The surface and interfacial properties of fibres and paper are important in the production and end-use of paper and board, and much attention has been paid to the nature of the interface between water-swollen cellulose fibres and the aqueous suspension medium. Much less attention has been paid to the equally important interface between fibres containing water and the atmosphere. The properties of this interface must range from those characteristic of a dry fibre to those of pure water, corresponding to water contents ranging from a fraction of a monolayer up to the fibre saturation value.

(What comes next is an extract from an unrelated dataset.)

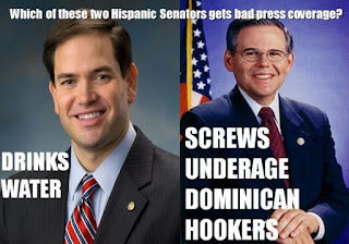 - Why can’t the Post be bothered to do any investigating of its own? Forget partisan bias and just think what a huge story this could be: Top senator on the Foreign Relations Committee partying down with jailbait prostitutes in the seaside resort mansion owned by his shady Florida contributor? There’s got to be at least a book contract, and maybe a major motion picture deal, for the journalist who can get the scoop on a juicy scandal like that. And if you’re a reporter for the Washington Post, would you rather be stuck inside a fluorescent-lit office in D.C., or flying off at company expense to the Dominican Republic to interview prostitutes? Did I mention prostitution is legal in the Dominican Republic?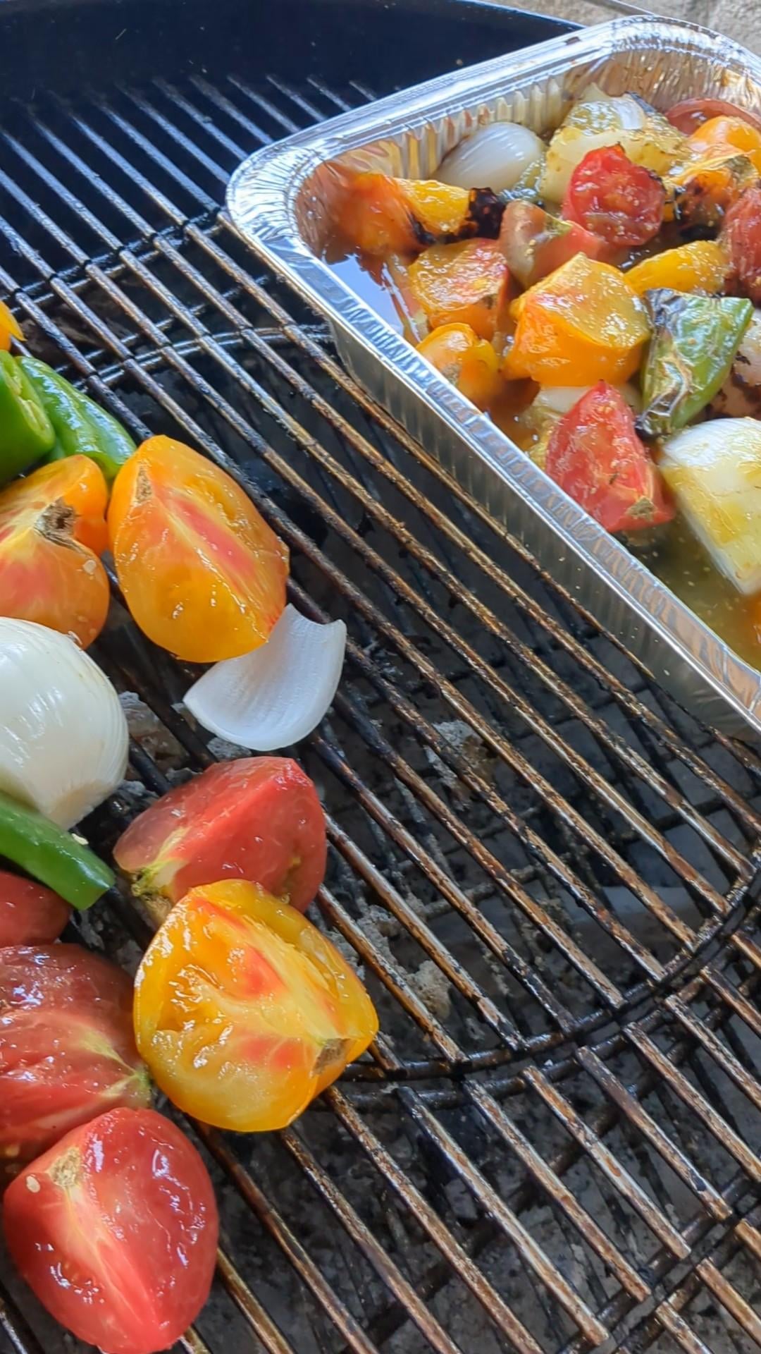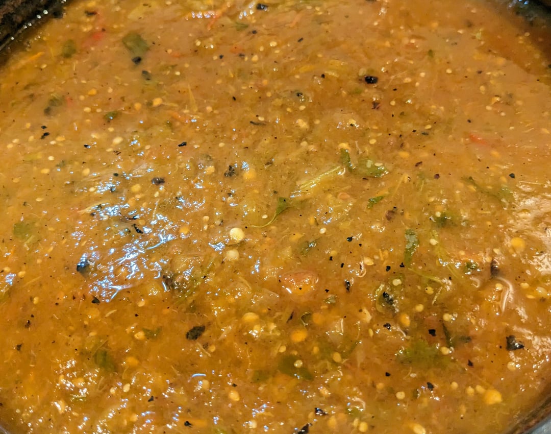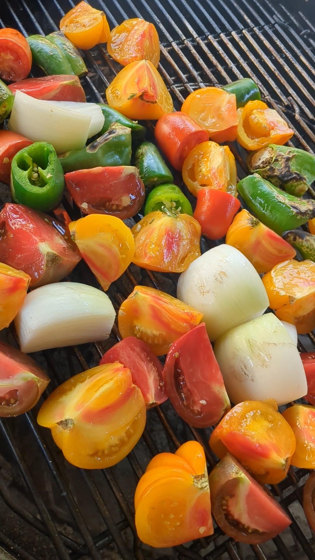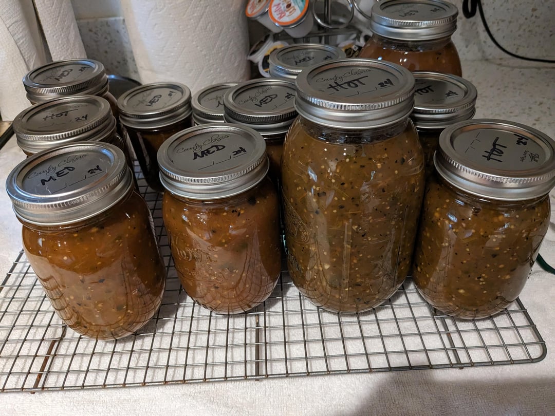 I did not grow any tomatoes or peppers this season. A bunch of heirlooms, a few romas, jalapenos, hatch chilis, serranos and white onion. Fire roast them for some char then transfer to pans to smoke with hickory and mesquite for at least an hour. Blend up roasted veggies with canned crushed tomatillos, canned fire roasted tomatoes and fresh cilantro then simmer for a few hours. Add some fine diced onion and cilantro for texture. I usually make one pan spicier so I can add to either for desired taste. Let it rest then water bath can.

The apparent thermal expansion of cellulose immersed in liquid water, d⌀₂/dT, is several times that of dry cellulose. A similar but greater disparity is observed when the temperature dependence of the apparent specific volume of glucose in aqueous solution is compared with the thermal expansion of crystalline glucose. This effect appears to be a general one for polyols such as glucose and glycerol and can be interpreted in terms of a ‘mixture’ theory of water structure. Water is pictured as being made up of small short-lived clusters which may be classified as either solidlike or fluidlike. The solidlike component consists of rigid, hydrogen bonded ring structures (tetramer, pentamer, hexamer). The fluidlike component consists of non-rigid, less hydrogen bonded, chain structures (dimer, trimer, star pentamer). Surfaces rich in hydroxyl groups appear to act as structure breakers by causing an increase in the proportion of the fluidlike component in the water adjacent to the interface. With cellulose, this perturbed layer consists of the non-rigid chain structures, hydrogen bonded to the -OH groups on the surface. The high values for d⌀₂/dT for glucose and cellulose are caused by the high thermal expansion of the perturbed layer.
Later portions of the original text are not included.